Task requirements: Without the images, output every record exactly as it appears.

BEGIN Records for the exercise

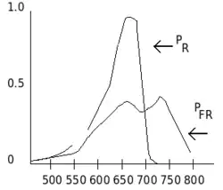- Pfr (pour far red) : la forme active, dont le pic d'absorption se situe à 730 nm (rouge lointain).
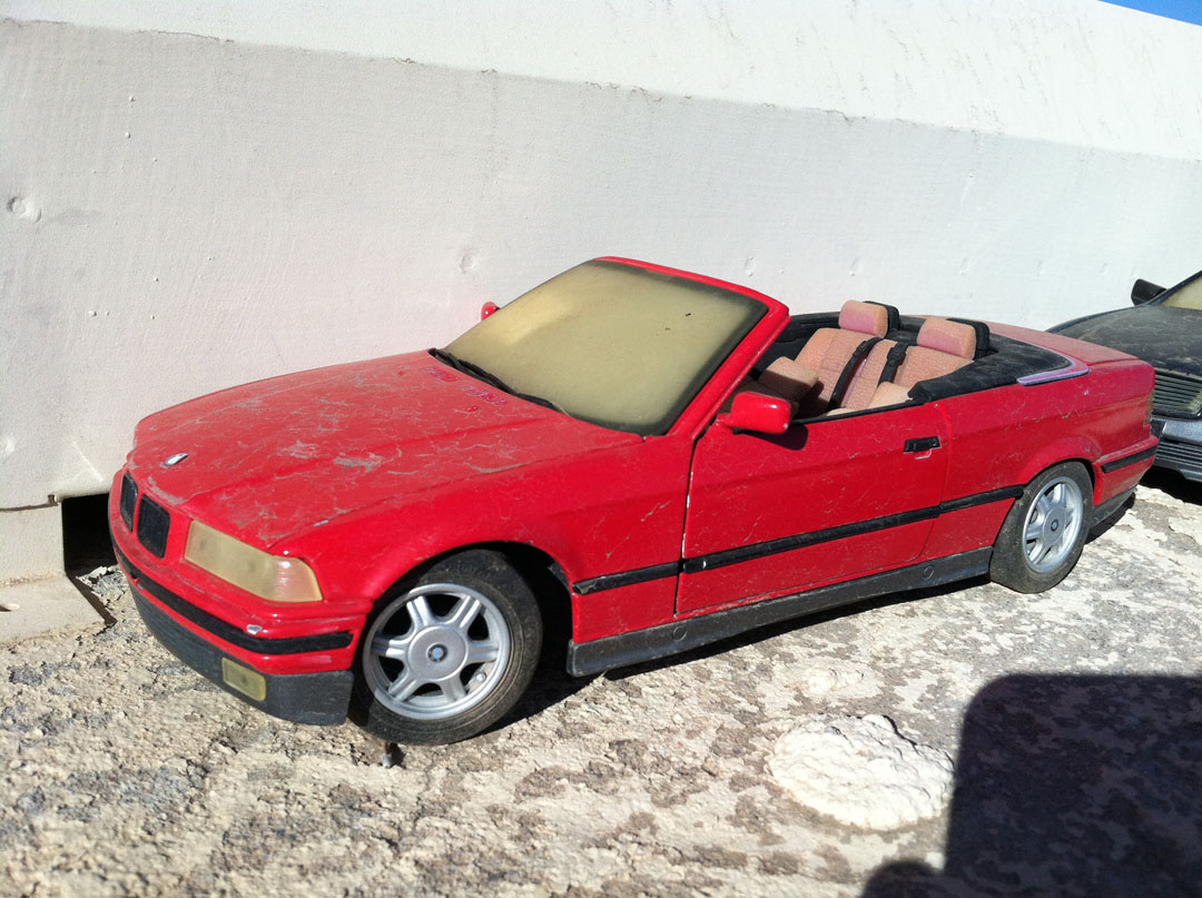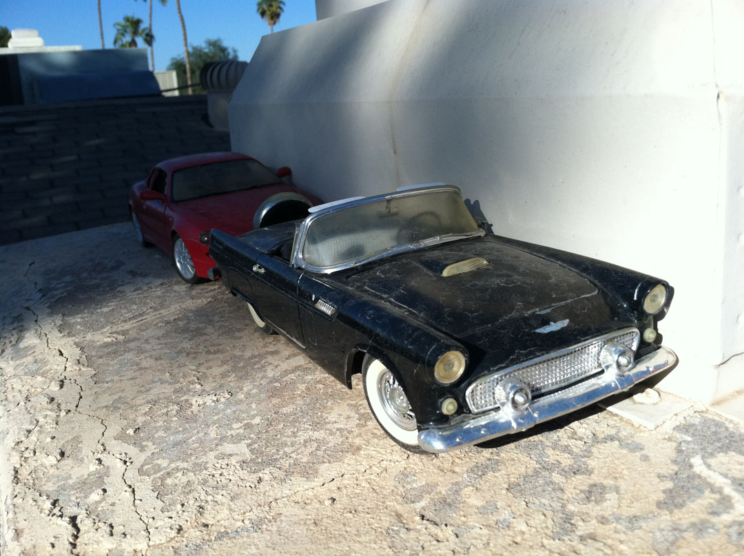 Thought I’d also share an update from my rooftop science experiment, too. Anyone who follows my blog knows that I’m all about making things last. About two years ago, I thought I’d have a little fun with automotive durability testing on a smaller scale (1:18 scale, to be exact). I was getting ready to get rid of some die-cast model cars but decided instead to see how the paint and interior finishes stand up to the Phoenix, Arizona extreme climate on top of my roof. It’s been fun to watch!
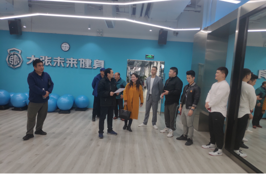 在总经理曾勇的带领下,学院领导参观了大张健身的各个健身区域,包含:有氧健身区、力量器械区、团课区、inbody体侧区、私教区、恒温泳池区及大张健身特有的空中瑜伽项目、康复普拉提区。特色项目的开设,也预示着传统刚性健身项目向着柔性健身项目转变的趋势,也是康复健身融入传统健身的一个特别的阶段。
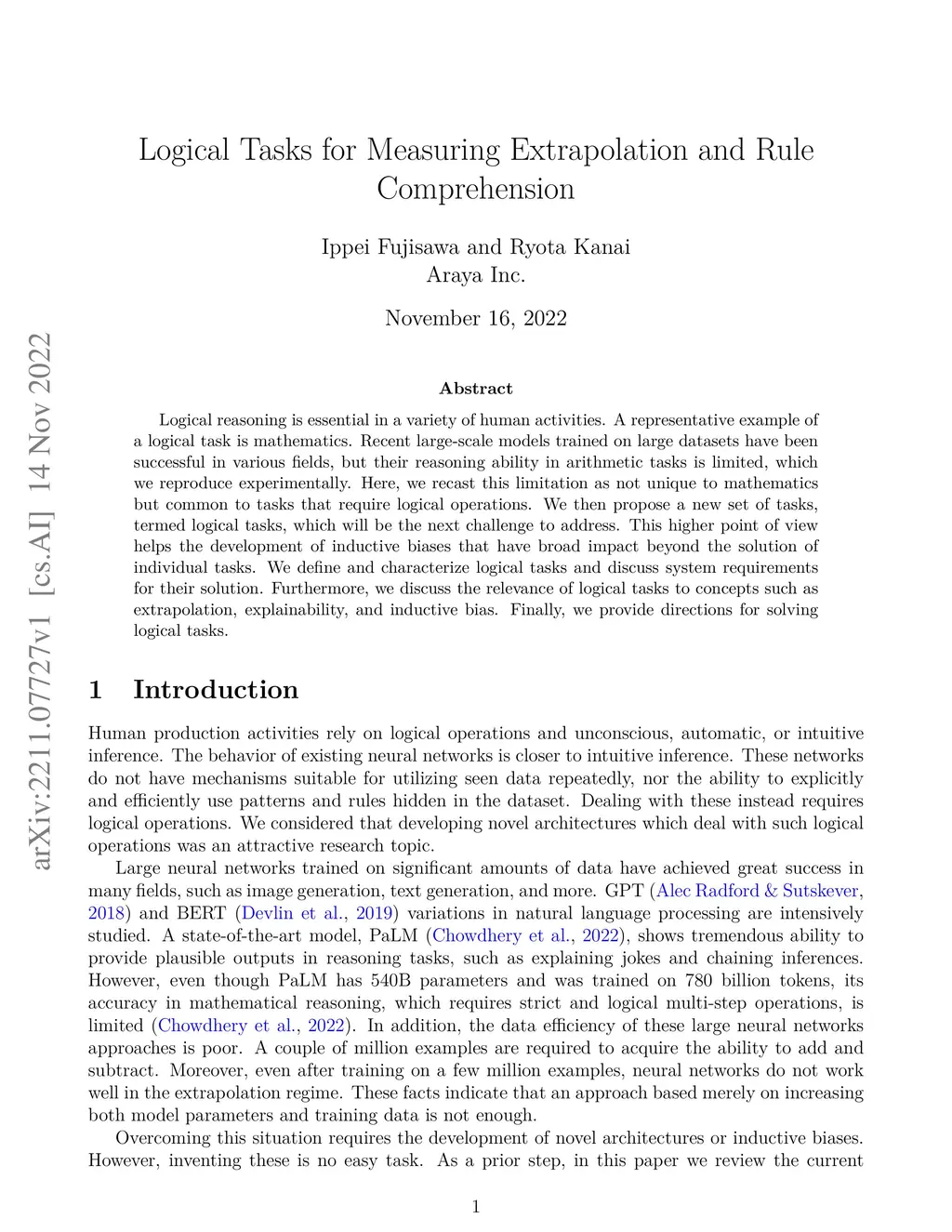 Logical reasoning is essential in a variety of human activities. A representative example of a logical task is mathematics. Recent large-scale models trained on large datasets have been successful in various fields, but their reasoning ability in arithmetic tasks is limited, which we reproduce experimentally. Here, we recast this limitation as not unique to mathematics but common to tasks that require logical operations. We then propose a new set of tasks, termed logical tasks, which will be the next challenge to address. This higher point of view helps the development of inductive biases that have broad impact beyond the solution of individual tasks. We define and characterize logical tasks and discuss system requirements for their solution. Furthermore, we discuss the relevance of logical tasks to concepts such as extrapolation, explainability, and inductive bias. Finally, we provide directions for solving logical tasks.
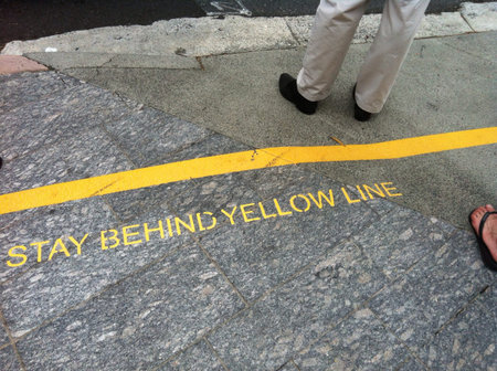 A high angle shot of a yellow line painted on the upper step of a staircase
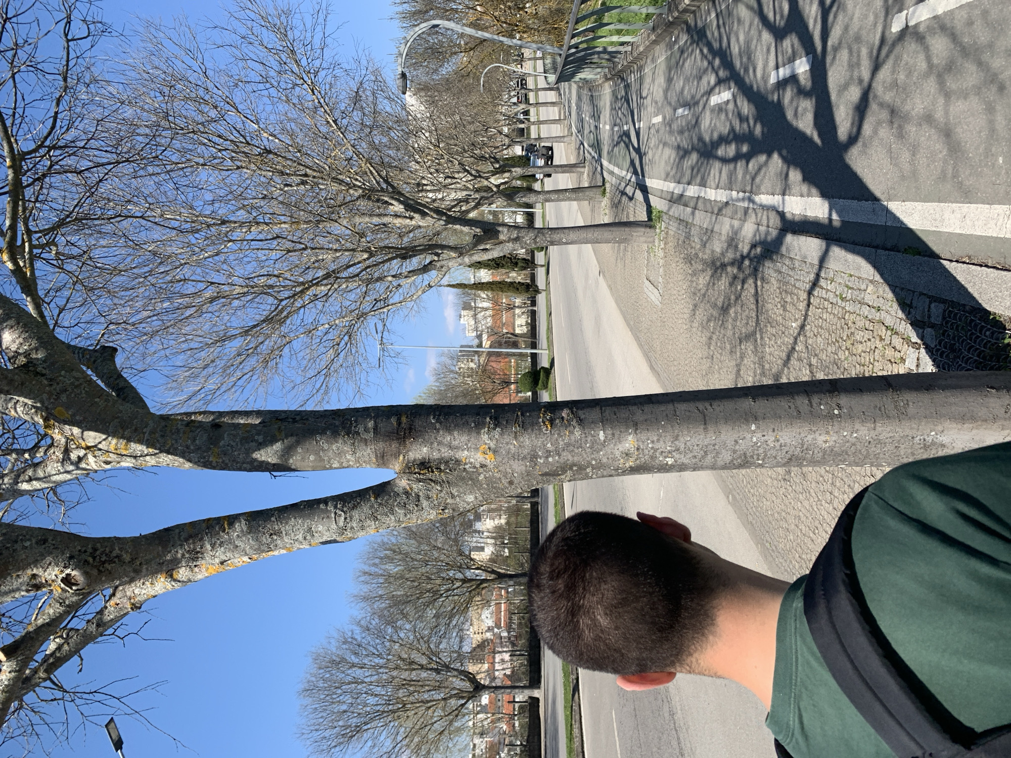 The image depicts an outdoor urban scene on a clear, sunny day in Bragança, Portugal. In the lower left foreground, the back of a male individual is visible, wearing a dark green t-shirt and a black backpack. His head is turned slightly to the right. A prominent deciduous tree with bare, lichen-covered, bifurcated trunks stands centrally in the mid-foreground. To its left, a multi-lane asphalt road with a paved shoulder and a cobblestone sidewalk stretches into the distance. A row of similar bare deciduous trees lines the road and a separate paved pathway. Beyond the road, various urban buildings, some with terracotta roofs, and taller structures are visible against the horizon. To the right of the central tree, a dedicated paved pathway, likely a bicycle lane, is marked with white dashed and solid lines. This pathway runs parallel to the road and is bordered by a metal railing on its right. Modern streetlights with curved arms are visible along both the road and the pathway. Long, distinct shadows from the trees are cast across the pathway and ground, indicating strong, low-angle sunlight. Several vehicles are present on the distant road. The sky is clear blue and cloudless.
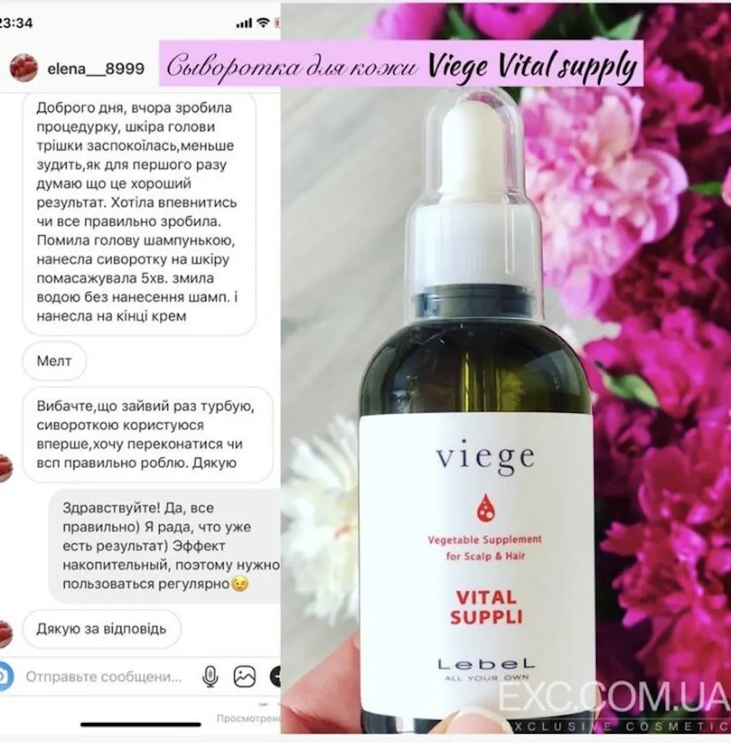 Сыворотка Viege vital suppli действует на кожу головы, интенсивно насыщая ее питательными веществами, белками, влагой, уплотняет структуру, запускает процессы регенерации. Кожа омолаживается и оздоравливается на клеточном уровне, из-за чего и волосы улучшают свое качество, становясь сильными, упругими и объемными.
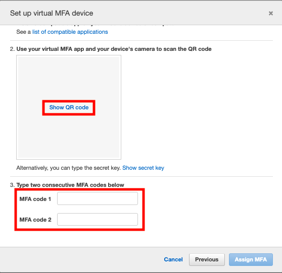 5. 가상 MFA 디바이스 설정 2번에 있는 QR 코드 보기를 클릭하면 QR 코드가 생성됨.

END Records for the exercise

Result of this exercise:
- Pfr (pour far red) : la forme active, dont le pic d'absorption se situe à 730 nm (rouge lointain).
 Thought I’d also share an update from my rooftop science experiment, too. Anyone who follows my blog knows that I’m all about making things last. About two years ago, I thought I’d have a little fun with automotive durability testing on a smaller scale (1:18 scale, to be exact). I was getting ready to get rid of some die-cast model cars but decided instead to see how the paint and interior finishes stand up to the Phoenix, Arizona extreme climate on top of my roof. It’s been fun to watch!
 在总经理曾勇的带领下,学院领导参观了大张健身的各个健身区域,包含:有氧健身区、力量器械区、团课区、inbody体侧区、私教区、恒温泳池区及大张健身特有的空中瑜伽项目、康复普拉提区。特色项目的开设,也预示着传统刚性健身项目向着柔性健身项目转变的趋势,也是康复健身融入传统健身的一个特别的阶段。
 Logical reasoning is essential in a variety of human activities. A representative example of a logical task is mathematics. Recent large-scale models trained on large datasets have been successful in various fields, but their reasoning ability in arithmetic tasks is limited, which we reproduce experimentally. Here, we recast this limitation as not unique to mathematics but common to tasks that require logical operations. We then propose a new set of tasks, termed logical tasks, which will be the next challenge to address. This higher point of view helps the development of inductive biases that have broad impact beyond the solution of individual tasks. We define and characterize logical tasks and discuss system requirements for their solution. Furthermore, we discuss the relevance of logical tasks to concepts such as extrapolation, explainability, and inductive bias. Finally, we provide directions for solving logical tasks.
 A high angle shot of a yellow line painted on the upper step of a staircase
 The image depicts an outdoor urban scene on a clear, sunny day in Bragança, Portugal. In the lower left foreground, the back of a male individual is visible, wearing a dark green t-shirt and a black backpack. His head is turned slightly to the right. A prominent deciduous tree with bare, lichen-covered, bifurcated trunks stands centrally in the mid-foreground. To its left, a multi-lane asphalt road with a paved shoulder and a cobblestone sidewalk stretches into the distance. A row of similar bare deciduous trees lines the road and a separate paved pathway. Beyond the road, various urban buildings, some with terracotta roofs, and taller structures are visible against the horizon. To the right of the central tree, a dedicated paved pathway, likely a bicycle lane, is marked with white dashed and solid lines. This pathway runs parallel to the road and is bordered by a metal railing on its right. Modern streetlights with curved arms are visible along both the road and the pathway. Long, distinct shadows from the trees are cast across the pathway and ground, indicating strong, low-angle sunlight. Several vehicles are present on the distant road. The sky is clear blue and cloudless.
 Сыворотка Viege vital suppli действует на кожу головы, интенсивно насыщая ее питательными веществами, белками, влагой, уплотняет структуру, запускает процессы регенерации. Кожа омолаживается и оздоравливается на клеточном уровне, из-за чего и волосы улучшают свое качество, становясь сильными, упругими и объемными.
 5. 가상 MFA 디바이스 설정 2번에 있는 QR 코드 보기를 클릭하면 QR 코드가 생성됨.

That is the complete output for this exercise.